Archbishop of Toledo
- In office 1 March 1620 – 9 November 1641
- Preceded by: Bernardo de Sandoval y Rojas
- Succeeded by: Gaspar de Borja y Velasco

Viceroy of Catalonia
- In office 18 May 1632 – January 1633
- Preceded by: Enrique de Aragón Folc de Cardona y Córdoba
- Succeeded by: Enrique de Aragón Folc de Cardona y Córdoba

Governor of the Duchy of Milan
- In office 22 January 1633 – 23 September 1633
- Monarch: Philip IV
- Preceded by: Gómez Suárez de Figueroa y Córdoba
- Succeeded by: Gil de Albornoz y Espinosa

Governor of the Spanish Netherlands
- In office 1 December 1633 – 9 November 1641
- Monarch: Philip IV
- Preceded by: Infanta Isabella Clara Eugenia of Spain
- Succeeded by: Francisco de Melo

Military service
- Allegiance: Spanish Empire
- Branch/service: Spanish Army
- Years of service: 1632–1641
- Rank: Captain general
- Battles/wars: Thirty Years' War Battle of Nördlingen; ; Eighty Years' War Siege of Leuven; Capture of Schenkenschans; Siege of Limbourg; Siege of Venlo; Capture of Roermond; Battle of Kallo; Battle of Geldern; Battle of Bruges; Siege of Hulst; ; Franco-Spanish War Siege of Le Catelet; Siege of La Capelle; Crossing of the Somme; First siege of Corbie; Siege of Saint-Omer; Battle of Saint-Nicolas; Second siege of Aire; Battle of Lille; ;

= Cardinal-Infante Ferdinand of Austria =

Spanish and Portuguese prince (1609-1641)
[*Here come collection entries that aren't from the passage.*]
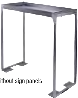
PB3000 without sign panels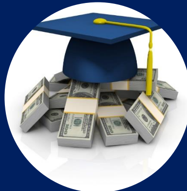
Tuition and fees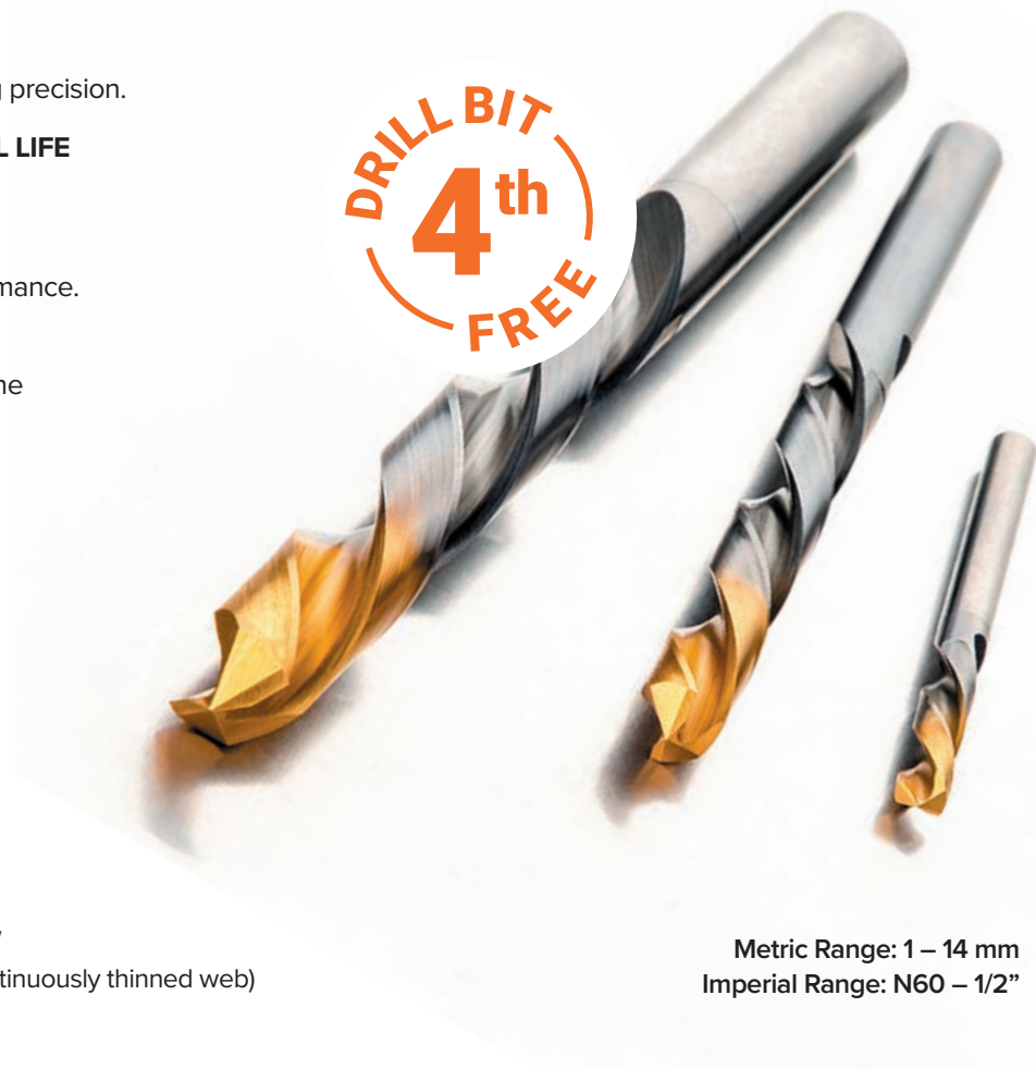
Metric Range: 1 – 14 mm Imperial Range: N60 – 1/2"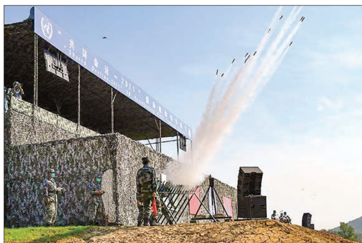
Troops from Thailand, Mongolia and Pakistan joined China's armed forces in its country's first multinational peacekeeping exercise.

As of the end of July, China was the eighth-largest contributor to peacekeeping troops, with 2,158 military personnel engaged around the world, according to UN data.—AFP ■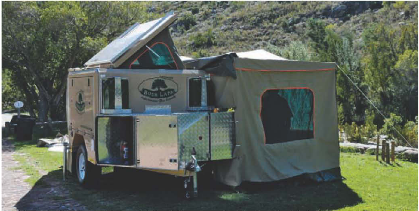
ABOVE Rooimier's solid, tough exterior belies the comfort offered inside. Once everything is setup and secure against the elements it offers great space

and comfort, not to mention shelter from the sun and heat. The optional extra solar panel is a worthwhile investment.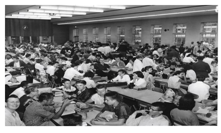
1959 - Early morning crowd just off the school buses waiting to be released to lockers and homerooms.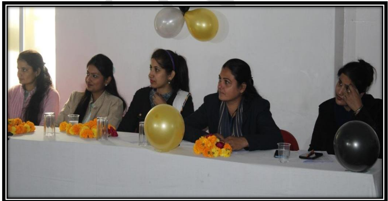
Programme judge by the jury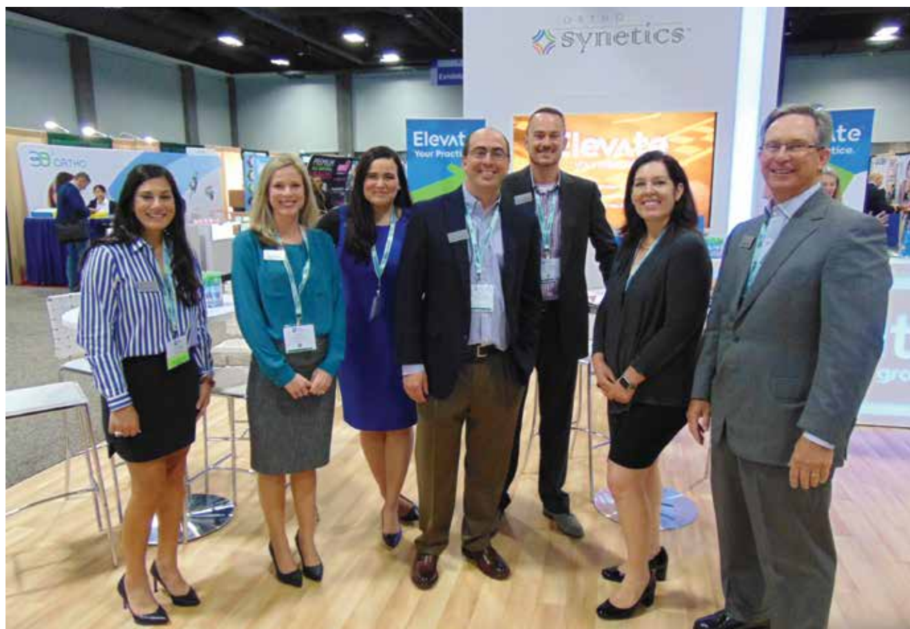
The gang at OrthoSynetics (booth No. 2137).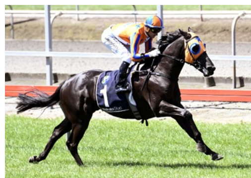
Handsome Rebel (Denman)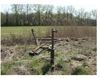
Orphaned well in Warrick County

As funds are available, plugging projects are prepared each year to plug those wells ranking highest based upon the assessment of well's risk to public health, safety, or the environment.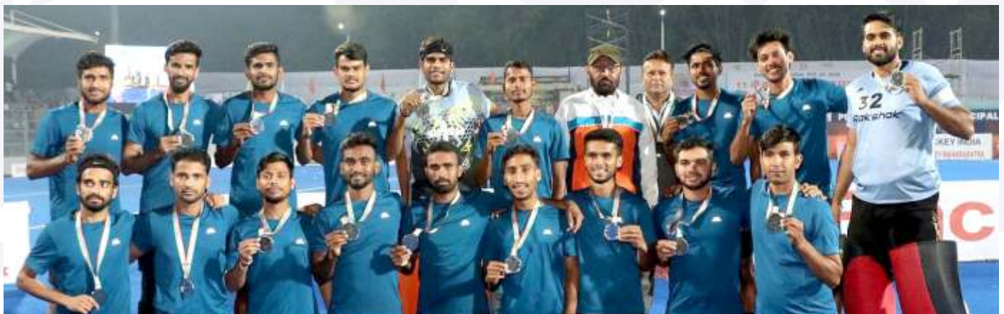
Silver Medalist - Uttar Pradesh Hockey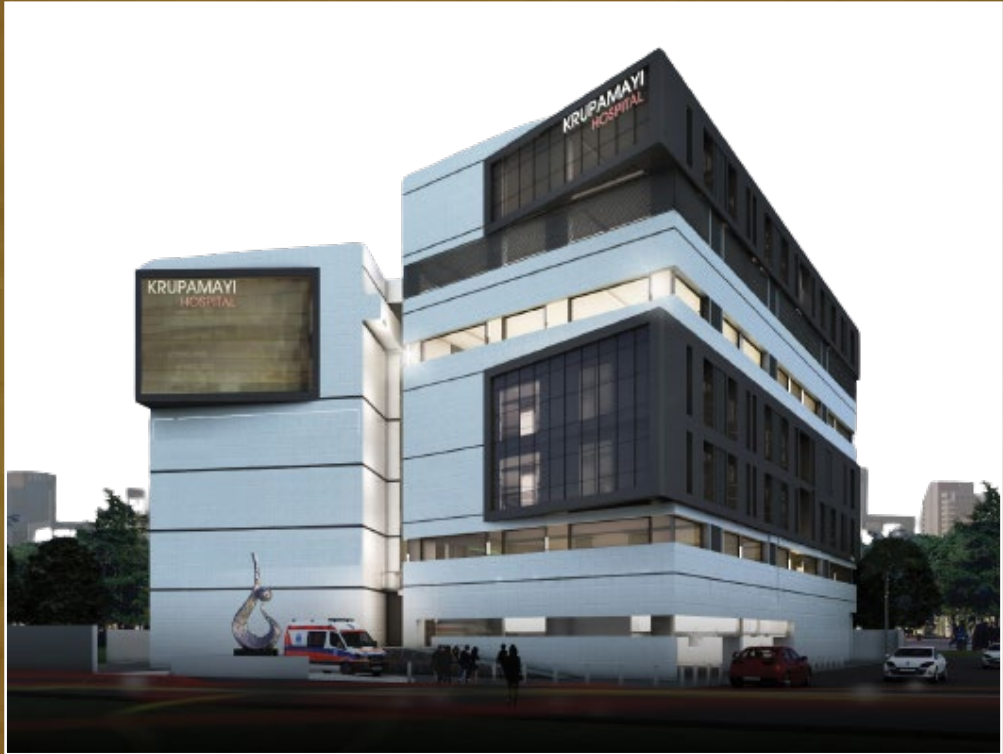
KRUPAMAYI HOSPITAL - ELEVATION (Aurangabad - Maharashtra)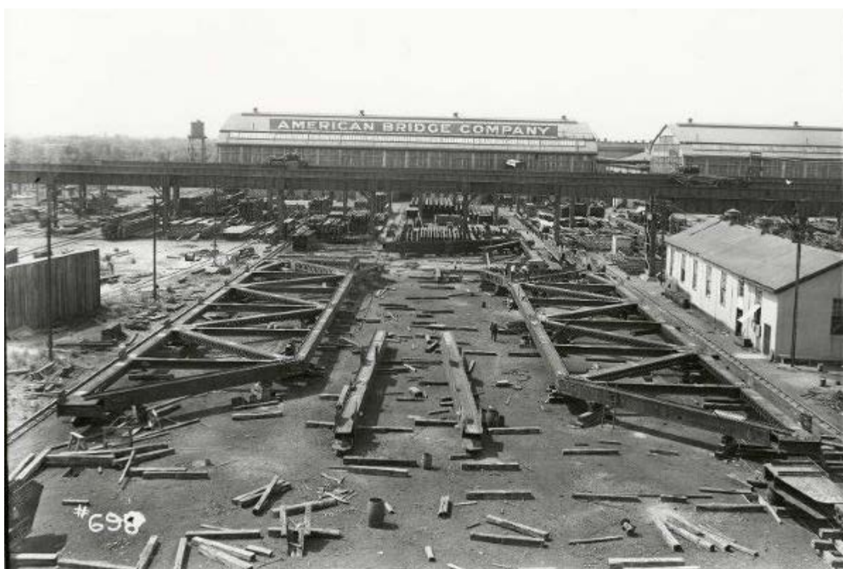
Bridge Trusses in Yard of Gary American Bridge Company Plant, ca. 1918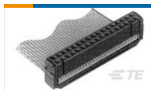
TE Part #1658623-2 14 NOVO MIL 30DP, LEAD FREE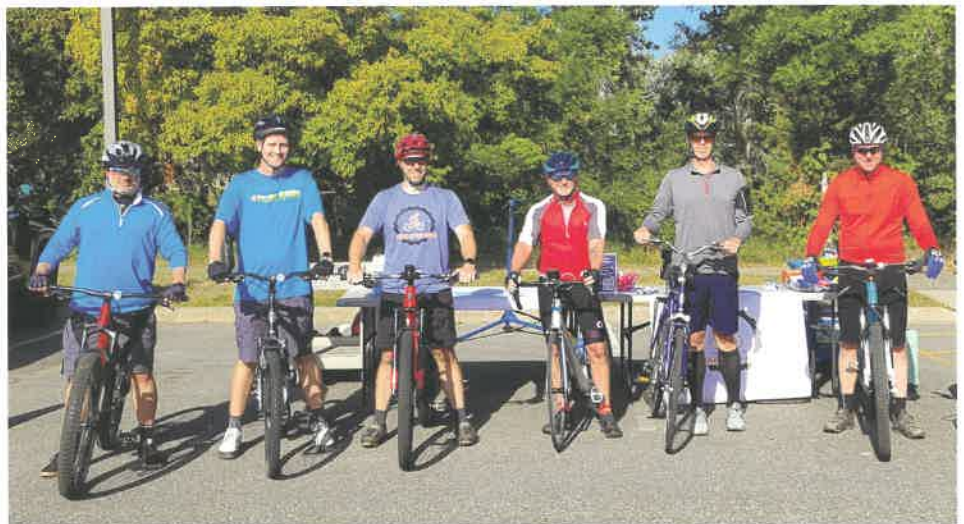
Connexus employees and their families enjoyed their 10- and 16-mile bike rides along the Mississippi River at our annual Bike into Fall event. Anoka County Commute Solutions was onsite and provided bike trail maps and backpacks with cool bike accessories.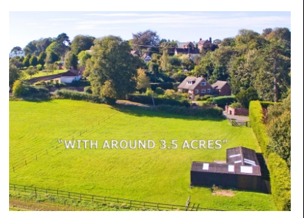
Half Acre House, Stableford, Bridgnorth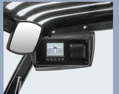
Large screen display, the instrument panel adopts injection molding design, sturdy and durable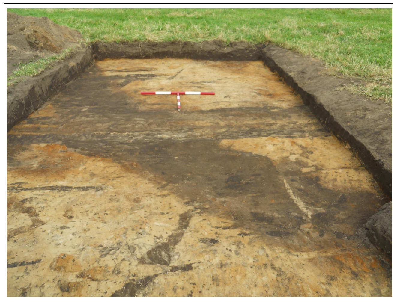
Ring ditch in Trench 2

Trench 3 failed to produce the unusual feature shown in the cropmarks, but a number of quite old, and modern, field-drains were investigated and further items of Iron Age pottery were recovered.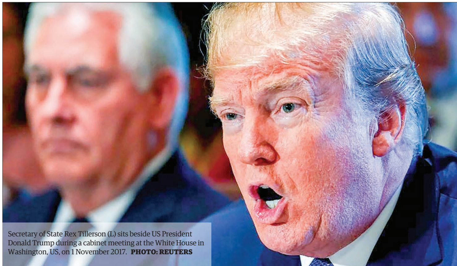
Secretary of State Rex Tillerson (L) sits beside US President Donald Trump during a cabinet meeting at the White House in Washington, US, on 1 November 2017.

WASHINGTON — President Donald Trump on Wednesday seized on the deadly New York City truck attack to step up demands for stricter US immigration laws, asking Congress to end a visa programme that let the Uzbek suspect into the country and saying he might send him to Guantanamo Bay.

Cardinal-Infante Ferdinand (also known as Don Fernando de Austria, Cardenal-Infante Fernando de España and as Ferdinand von Österreich; 16 May 1609 – 9 November 1641) was a Spanish and Portuguese prince (Infante of Spain, Infante of Portugal (until 1640)), Governor of the Spanish Netherlands, Cardinal of the Holy Catholic Church, Archduke of Austria, Archbishop of Toledo (1619–1641), and a general during the Thirty Years' War, the Eighty Years' War, and the Franco-Spanish War.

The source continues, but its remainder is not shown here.